- Opening Delimiter -

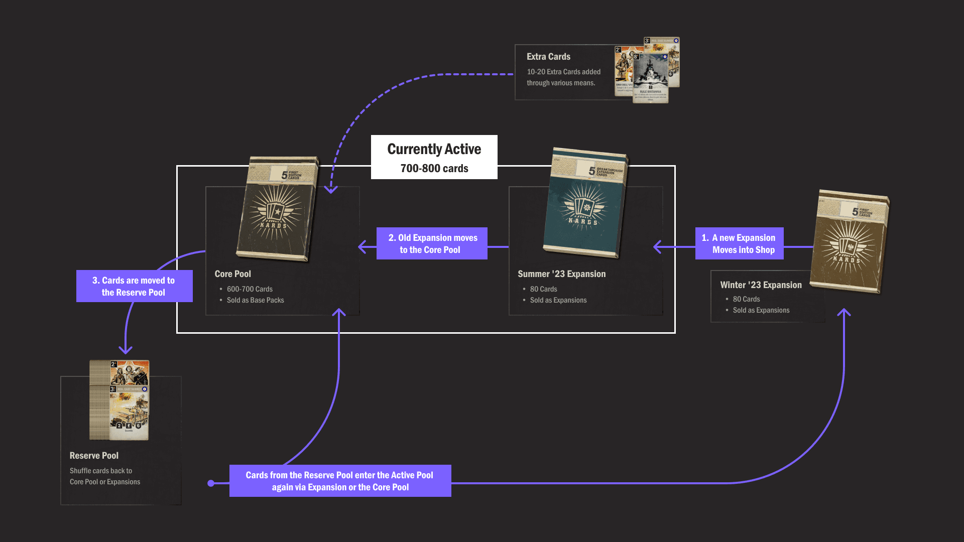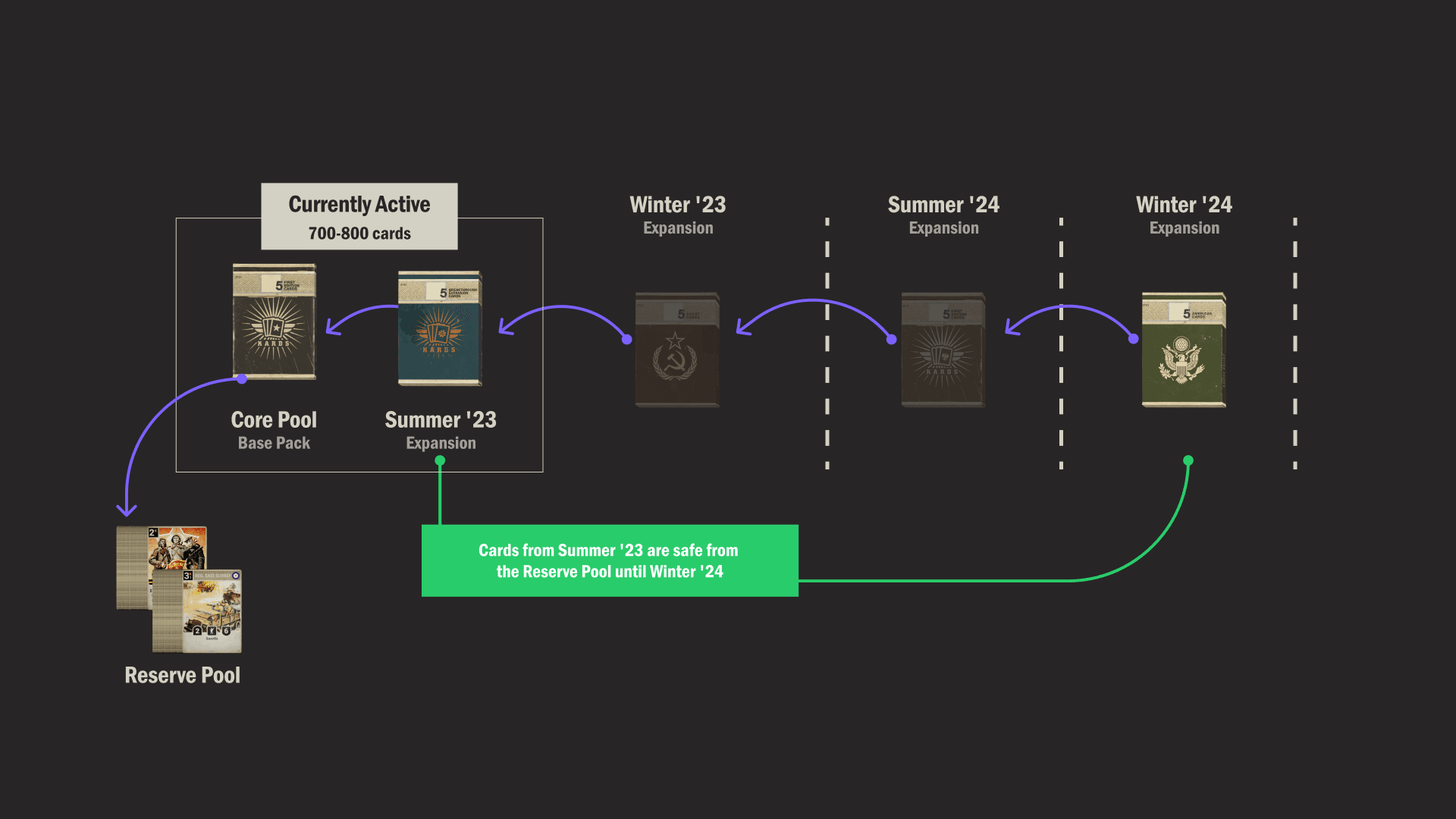 One thing that is very important is for players to have faith in having the time to enjoy new cards they buy. So cards in new sets will be exempt from rotation for a time. Only cards in the Core set go to the Reserve Pool. When a set moves into Core, then none of its cards go into Reserve. On the next rotation, these cards are safe as well. It is only on the 2nd rotation after the cards became part of Core that the cards can be moved to Reserve. For example, Legions is currently the newest set. When the Summer expansion drops, Legions cards will be moved into Core, but none of them will be moved to the Reserve Pool. When the Winter ‘23 expansion drops, Legions cards are still not touched. It is only when the first expansion of ‘24 drops that cards in the Legions set can go to the Reserve Pool. This means that cards in the Summer expansion will definitely be playable until the 2nd expansion of ‘24 at the very least. Exceptions can be made in extreme cases, but we don’t foresee needing to do this often (if at all). To understand this process a bit better, here is a diagram for your viewing pleasure:
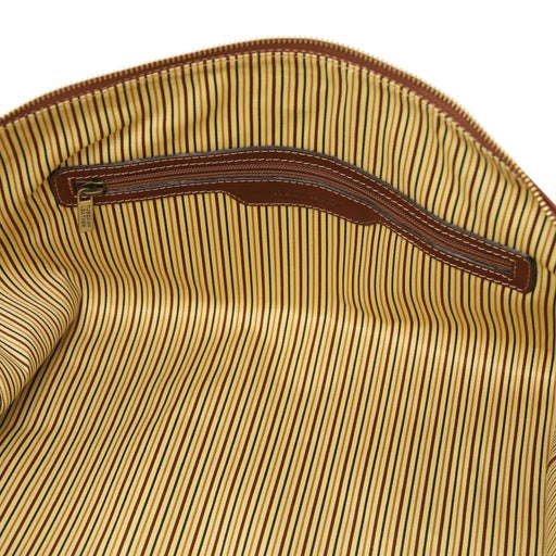 Tl Voyager - Travel Leather Duffle Bag With Pocket On The Back Side - Small Size (TL141250)
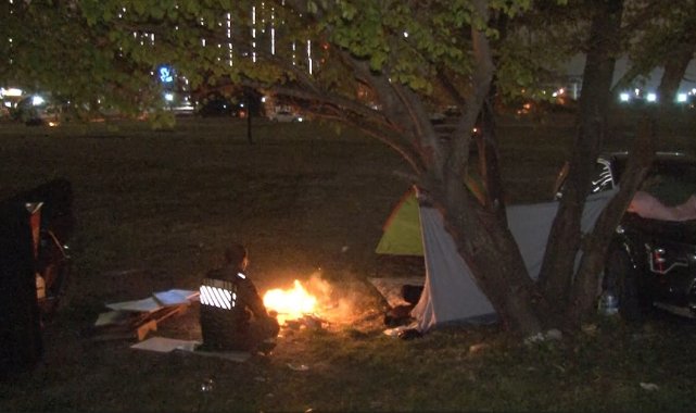 İstanbul'daki 6.2'lik depremin ardından vatandaşlar ikinci günde de parklarda çadırda kalmaya devam etti. Gecenin ilerleyen saatlerinde soğuk havada çadırda kalan vatandaşlar ateş yakarak ısınmaya çalıştı.

- Closing Delimiter -

**WORK TASK**
After locating the line with "Tl Voyager - Travel" in the listing above, transcribe it and every line after it to the last, exactly, with no pictures.

**EXERCISE SOLUTION**
 Tl Voyager - Travel Leather Duffle Bag With Pocket On The Back Side - Small Size (TL141250)
 İstanbul'daki 6.2'lik depremin ardından vatandaşlar ikinci günde de parklarda çadırda kalmaya devam etti. Gecenin ilerleyen saatlerinde soğuk havada çadırda kalan vatandaşlar ateş yakarak ısınmaya çalıştı.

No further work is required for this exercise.